Matsishima

Ah, Matsushima

Let us settle the debate once and for all. Basho is said to have composed a famous haiku that goes:

松島や . ああ松島や . 松島や
Matsushima ya . Ā Matsushima ya . Matsushima ya
Ah, Matsushima, Oh, Matsushima, Matsushima, ah!

In an article written after the severe earthquake in 2016, Takayangi Katsuhiro writes, “… the popular comic poet Tawara-bo composed a similar poem (Matsushima ya sate Matsushimaya Matsushima ya), and this has been conveyed erroneously as a work by Basho.”

There is no mention of Matsushima in Oku-no-Hosomichi. This is unusual in as much as Basho comments in the Prologue that he had been “dreaming of the full moon rising over the islands of Matsushima.”

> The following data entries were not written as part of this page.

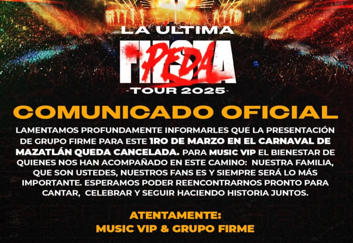 Culiacán, Sin.- Tras amenaza y horas de especulaciones, Grupo Firme, encabezado por Eduin Caz, hizo oficial la cancelación de su concierto en el Carnaval de Mazatlán, programado para el sábado 1 de marzo.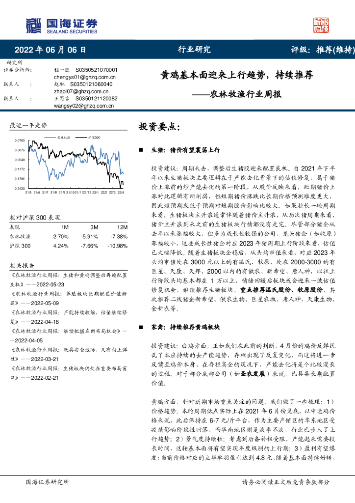 国海证券:农林牧渔行业周报:黄鸡基本面迎来上行趋势,持续推荐.pdf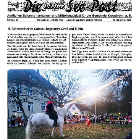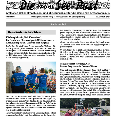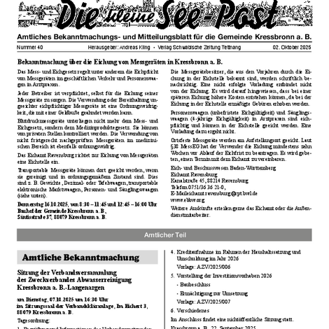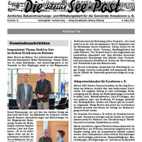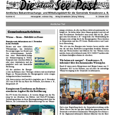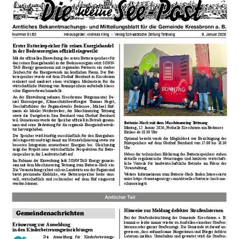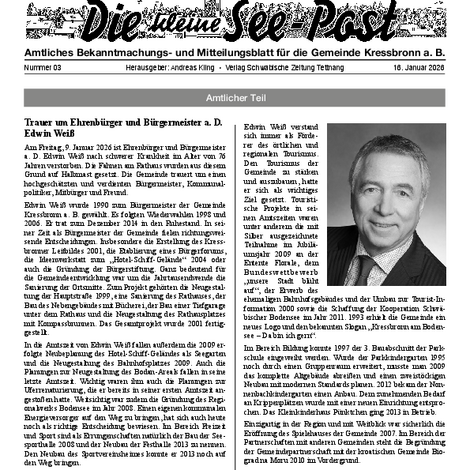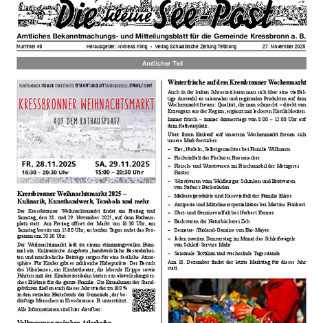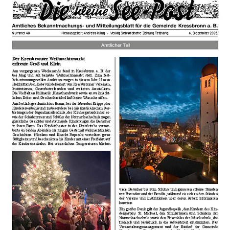 Die kleine See-Post ist das amtliche Mitteilungsblatt der Gemeinde Kressbronn a. B. und erscheint jeden Donnerstag einmal wöchentlich. Im Mitteilungsblatt werden alle amtlichen Bekanntmachungen und Mitteilungen der Gemeindeverwaltung sowie Informationen der Vereine, Schulen, Kinderbetreuungseinrichtungen und Kirchen veröffentlicht. Verantwortlich für die Redaktion ist Andreas Kling. Für den amtlichen Teil und die Gemeindenachrichten ist der Bürgermeister verantwortlich.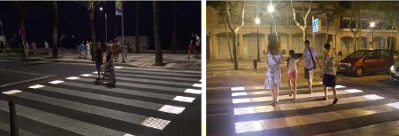 Per tal d'incrementar la visibilitat per als vehicles i millorar la seguretat tant de ciutadans com de conductors, quan el vianant s'apropa al pas, s'encenen uns senyals lumínics i dos senyals verticals. Els passos modificats s'ubiquen al passeig la Salle i al tram central del Passeig de les Palmeres. Aquests dos punts són passos amb una rellevant intensitat d'ús per part de vianants i en hores nocturnes disposen de poca il·luminació artificial. La millora ha consistit en situar plaques lumíniques de díodes de leds a cada extrem de les pastilles rectangulars blanques, les quals que s'il·luminen davant la presència d'usuaris. El sistema és un innovador avenç sobre la senyalització horitzontal actual, amb determinades senyals que s'executen amb l'aplicació manual de pintura reflectant, que es complementen amb el sofisticat sistema d'il·luminació integrada. Aquest sistema detecta de forma autònoma el moviment al seu voltant, encenent-se sobretot a la nit i en hores de poca visibilitat o amb condicions atmosfèriques adverses, i advertint els usuaris de vehicles de la presència de vianants.

“Why, then, did he not mention it in any of his haiku poems?” Katsuhiro asks. The answer is perhaps that of the Tao de Ching. Beauty is the word, but the word does not convey the feeling of each individual who takes in the beauty. Beauty is ineffable. Thus, one who speaks does not know, one who knows the beauty of Matsushima doesn’t speak.

It was by modern count, the 21st station on the journey. It followed Shiogama, on the coast just past Sendai. Today, boasting all manner of seafood. Basho’s description of Matsushima takes on the air of a travelogue, which the book Oku no Hosomichi was intended, in part, to be.

“Islands upon island, islands are joined to islands, looking exactly like parents walking hand in hand with them. Pine trees are of the brightest green, their exquisite branches, bent by the constantly blowing wind. Indeed, the beauty of the scene can only be compared to the most divinely endowed feminine face, for who else could have created such beauty but Nature herself? My pen could hardly rise to the task of describing this divine creation.”

With no words of farewell, no regret, Basho says, “I left for Hiraizumi (back into the interior) on the twelfth (of June).” And, as sometimes happens, he lost his way.

A question for Zhungzi — are dreams better than reality?

Is the dream better
than reality, or
do we care about the truth
?

All of this reminding me of the Demosthenes’ saying, “One believes not in the truth, but in what one wants to believe.”